• **Your goal**: Once you find the line with "在湖北省博物馆的越王勾践剑展" in the listing below, set down exactly every line from it through the line with "1/8 Ctw Petite", but no pictures.

• **Provided records**:
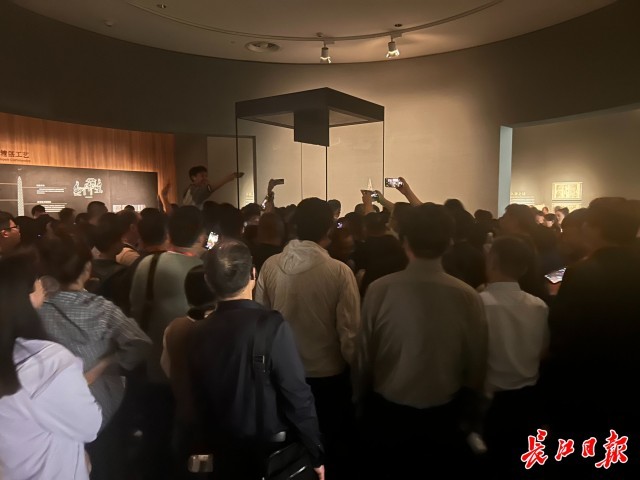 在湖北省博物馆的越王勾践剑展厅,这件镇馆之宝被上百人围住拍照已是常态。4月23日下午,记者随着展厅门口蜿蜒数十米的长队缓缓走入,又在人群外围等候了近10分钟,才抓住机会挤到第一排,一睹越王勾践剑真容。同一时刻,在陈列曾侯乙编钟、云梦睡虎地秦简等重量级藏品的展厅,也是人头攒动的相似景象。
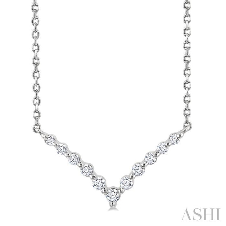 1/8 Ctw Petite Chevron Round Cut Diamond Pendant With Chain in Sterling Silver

---

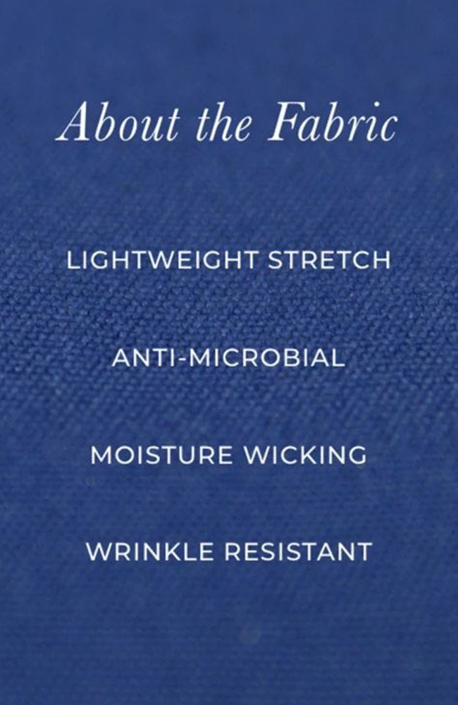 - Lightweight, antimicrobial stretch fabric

• **Your solution**:
 在湖北省博物馆的越王勾践剑展厅,这件镇馆之宝被上百人围住拍照已是常态。4月23日下午,记者随着展厅门口蜿蜒数十米的长队缓缓走入,又在人群外围等候了近10分钟,才抓住机会挤到第一排,一睹越王勾践剑真容。同一时刻,在陈列曾侯乙编钟、云梦睡虎地秦简等重量级藏品的展厅,也是人头攒动的相似景象。
 1/8 Ctw Petite Chevron Round Cut Diamond Pendant With Chain in Sterling Silver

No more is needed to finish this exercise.